Veya mesela bu dünyada pek az kimsenin şahit olabileceği metafiziksel bir olaya tanık olmak.Yazları, bahçeden gökyüzüne baktığımda, şehirden farklı olarak, gökyüzü bana çok yakınmış gibi görünür, elimi uzatsam tutacakmışım gibi ve yıldızları seyrederim. Hep hayal ederim, bir gece yine böyle gökyüzüne bakarken çok olağandışı bir şey görebilmeyi.

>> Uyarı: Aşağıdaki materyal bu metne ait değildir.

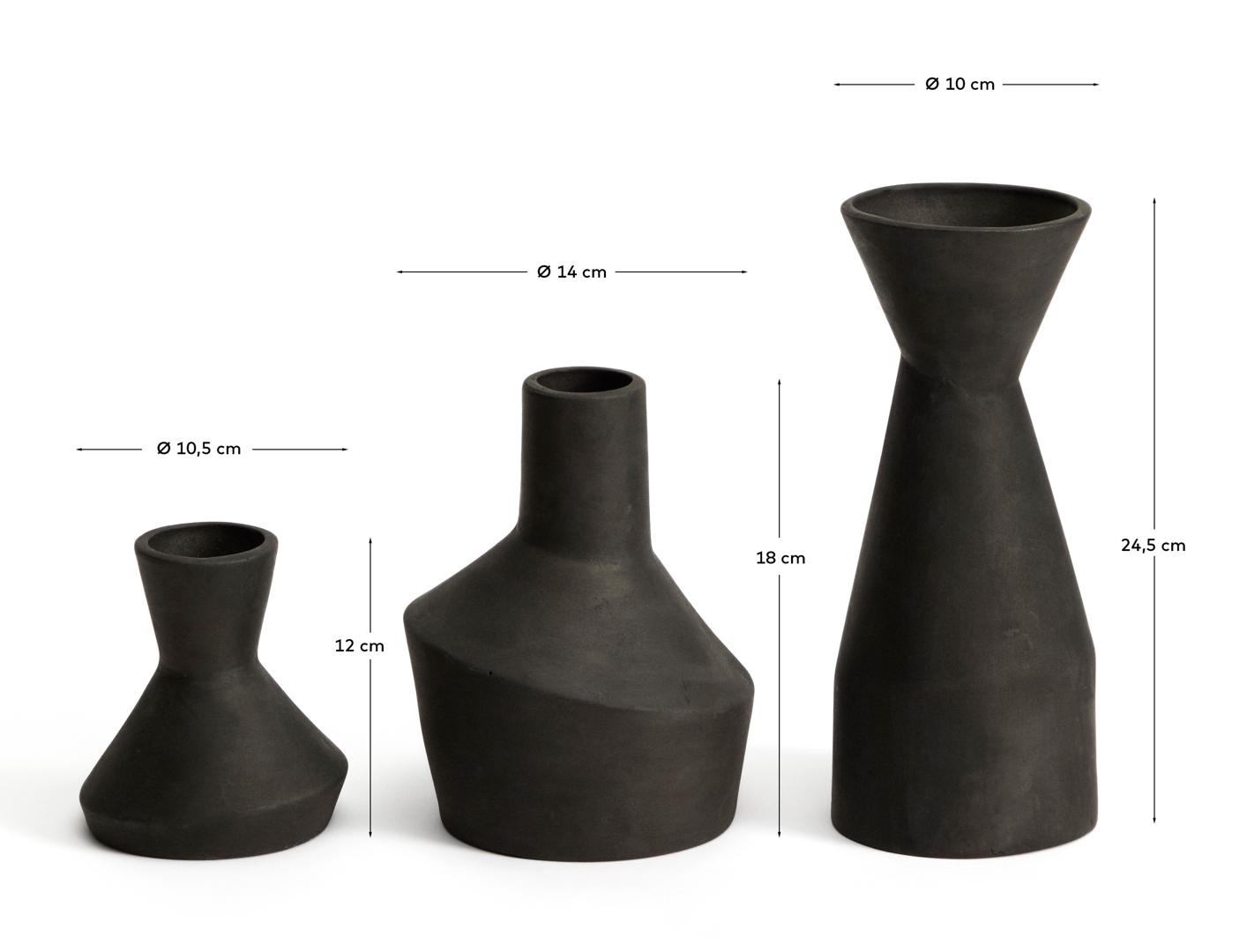 Ваза La Forma (ех Julia Grup) Набор из 3 ваз Dunari из черной терракоты 10,2 см / 13,5 см / 10 см арт. 423772
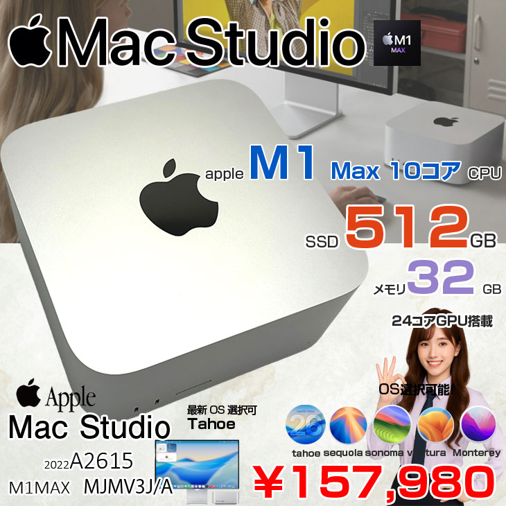 Apple Mac Studio MJMV3J/A A2615 M1 Max 2022 小型デスク 選べるOS [Apple M1 Max 10コア 24コアGPU メモリ32GB SSD512GB 無線 BT シルバー 純箱 ]:良品
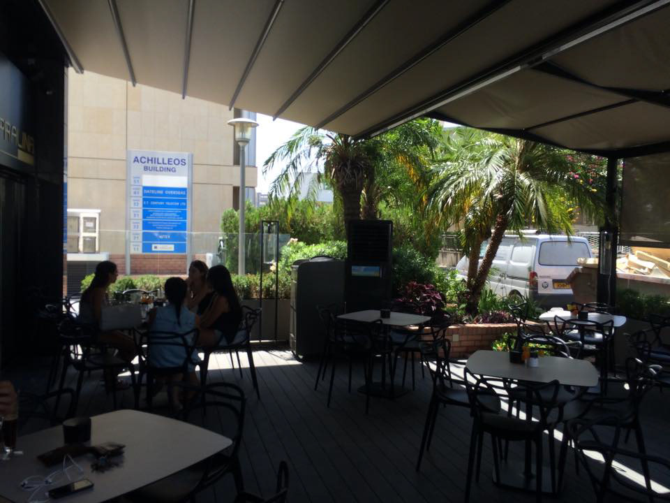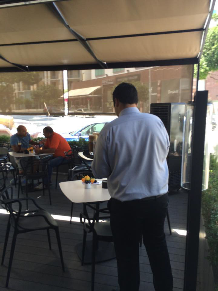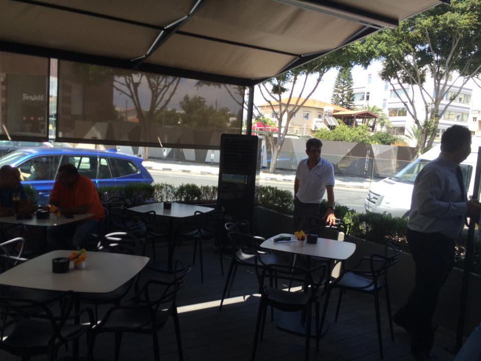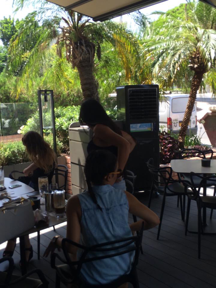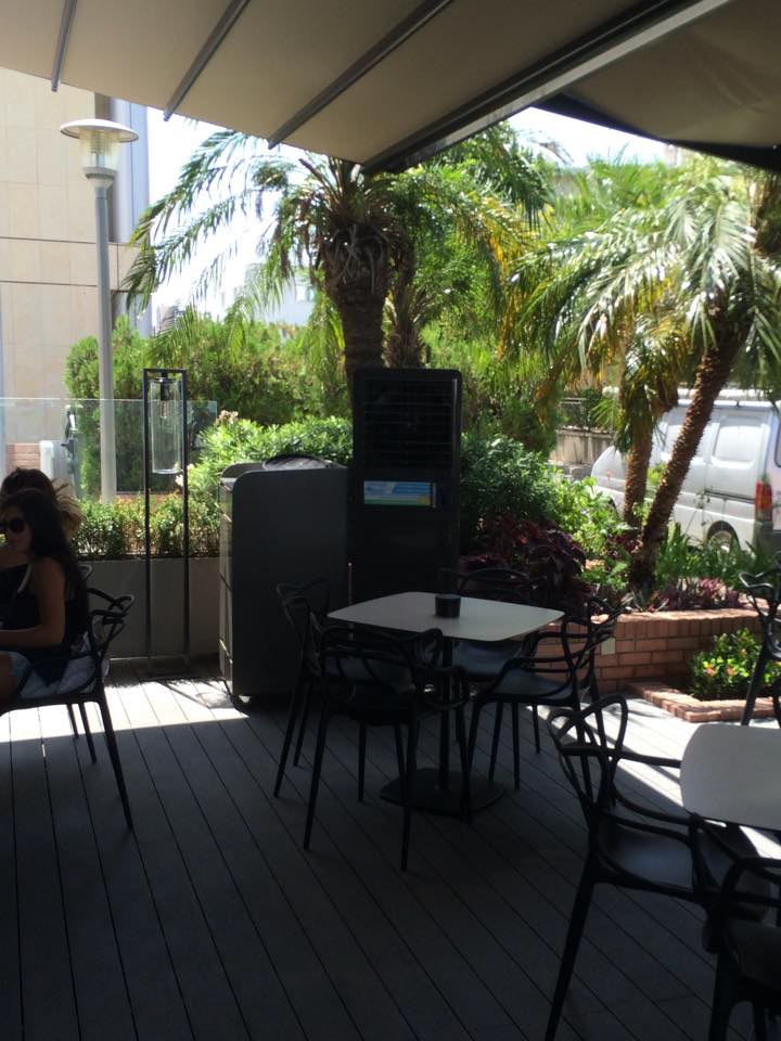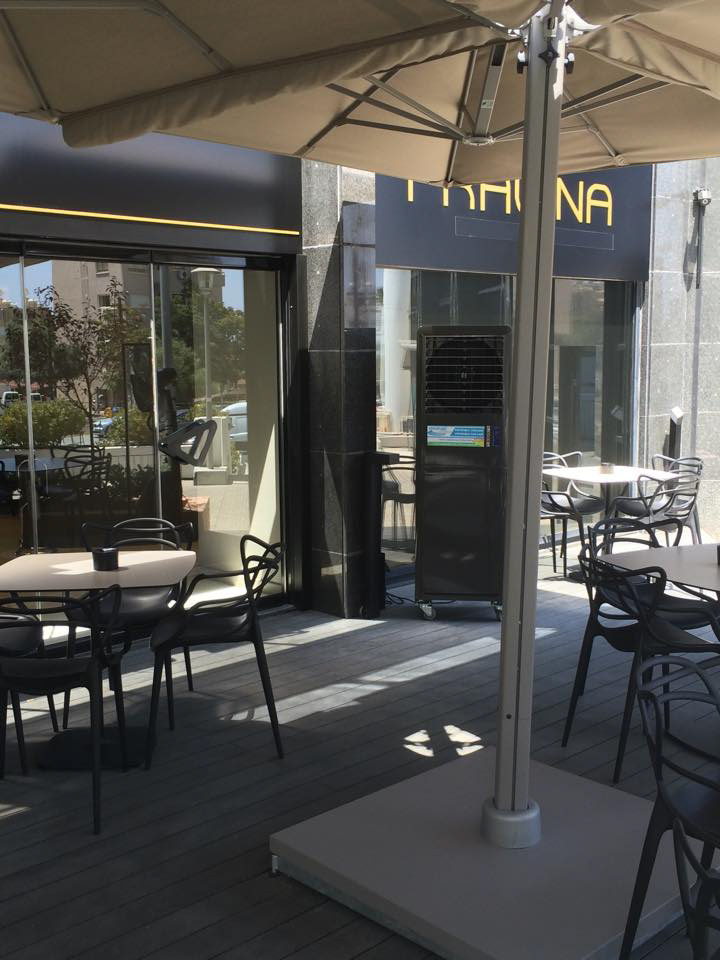 PROJECT: Cafeterias outdoor sitting areas cooling CUSTOMER: Requested a save energy minimalist super cold airflow cooling solution SOLUTION: 4 units COOLAIR300 compressor water cooled model
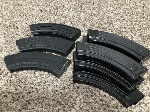 For sale are 400 rounds 7.62x39 . Wolf, Tula and Red Army mixed. .40 per rd.=$160 for 400. 10 -30 rd. Magazines, 7 steel ( SGM Korea) and 3 composite.$100 for all ($10each). All this is priced to sell, price is firm. No trades please. Sixwonfive forwonfive ninesixwonwon thanks |

Ya da benim gibi konformist bir kadın için zor ama ,çok fırtınalı aşklardan sonra, birkaç kez evlenebilmeyi isterdim.Bir arkadaşım var, tabi pek çok bedeller ödemiştir eminim ama, tam 3 kez evlendi. 20’ lerinde, 30’ larında ve şimdi daha yeni 40’ larında.Pek özgür çim adam tarzı bir kızdır, kök salmaktan hoşlanmaz, bu yüzden de belki 3 evliliğinde de çocuk doğurmadı. Ya da, ömrümün sonlarına doğru belki, bütün bu isteklerden sıyrılıp, sufi olabilmek tam bir teslim oluşla tevekkül etmek.
Kimi gerçekleştirebileceğim kimi de çok ütopik olduğunu bildiğim pek çok hayalim var. Yaşam bazen çok uzun, bazen de mesela ölümcül bir hastalıkla boğuşurken annemin kabul etmek zorunda kaldığı gibi yeterince uzun olduğunu kabul etmeyi gerektiriyor.Dilerim yapmak istediklerimin çoğunu gerçekleştiririm.Yeterince uzun ya da kısa, şu ömürde, en en çok istediğim ise, içimde ki huzura ulaşmak.